It's also, from a deployment standpoint, pretty straightforward — we're talking about massive, rectangular, warehouse-like buildings with flat roofs. We should have already mandated that all such buildings be covered in solar panels with on-site storage, at a minimum.
nico_h · 8h ago
Sadly we’re already in the long term impact of the previous energy revolution, so we’d better get starting now instead of when we’ll feel the impact of this next compute evolution.
bee_rider · 8h ago
We should probably just do a carbon tax and not wade into that morass.
There’s a lot of focus on the carbon cost of various digital goods. I get it. Destroying the environment is a big problem. But like, maybe we also should not make a bunch of plastic crap and ship it around the world a bunch of times.
jnieswl · 8h ago
Disclaimer:Foreword Author here.
I agree that there are may things one could change, however for many other services or objects you buy, you are able to estimate the env. footprint or you can change your consumer behaviour. However for the top AI-models one has no clue how much energy is used. Therefore the demands are among others for transparency from the ai companies.
bee_rider · 4h ago
Well, you almost certainly know more than me about it, since you are working in the area.

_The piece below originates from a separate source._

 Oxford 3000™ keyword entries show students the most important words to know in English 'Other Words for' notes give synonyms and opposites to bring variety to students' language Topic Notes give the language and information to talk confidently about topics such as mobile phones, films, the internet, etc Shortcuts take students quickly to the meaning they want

From a layman’s point of view it seems like knowing that things are very carbon producing has not provoked mass behavior changes. I’d have more faith in moves that add a measurable cost. But maybe knowing how much LLMs produce could be part of motivating us to include an actual cost.
mumbisChungo · 7h ago
I have no idea what the carbon footprint of the coffee I drink or chair I sit in or netflix program I watch is. I can control my consumption of LLMs just as easily as those things.
jcynix · 7h ago
> If we care about saving a watt-hour, there are lots of places to look. Pointing fingers at the incredible energy consumption of internet-delivered HD video might not feel very comfortable to lots of folks.

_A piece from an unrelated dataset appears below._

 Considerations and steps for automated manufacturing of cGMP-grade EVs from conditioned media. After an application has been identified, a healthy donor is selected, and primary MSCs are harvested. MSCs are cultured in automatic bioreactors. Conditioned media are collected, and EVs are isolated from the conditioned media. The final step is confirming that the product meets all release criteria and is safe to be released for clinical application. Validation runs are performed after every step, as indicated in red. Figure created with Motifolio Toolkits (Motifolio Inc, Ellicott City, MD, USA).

Air conditioning for example would be a good place to save energy, as the world wide energy consumption is a multiple of AI's consumption. But climate change will push the need (not luxury) for air conditioning up, which is the Catch-22 in this case.

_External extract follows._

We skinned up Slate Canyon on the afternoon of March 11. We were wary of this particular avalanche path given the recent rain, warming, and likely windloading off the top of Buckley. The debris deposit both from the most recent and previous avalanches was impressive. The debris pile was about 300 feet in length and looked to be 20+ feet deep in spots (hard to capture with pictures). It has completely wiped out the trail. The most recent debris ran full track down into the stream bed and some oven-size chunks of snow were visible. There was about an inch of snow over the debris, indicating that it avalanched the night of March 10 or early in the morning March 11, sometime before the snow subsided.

The International Energy Agency (IEA) estimates that 10% of the globally generated energy is used for sir conditioning. But it would nevertheless be a good idea to require AI companies to care for renewable energy before they reach similar consumption levels.
Regarding the "morass" … we tell people how fast they can drive, or companies to limit air pollution (at least in some countries) so no problem here.
atonse · 8h ago
Technically, if it's all clean energy, does it matter if it's "energy-efficient"?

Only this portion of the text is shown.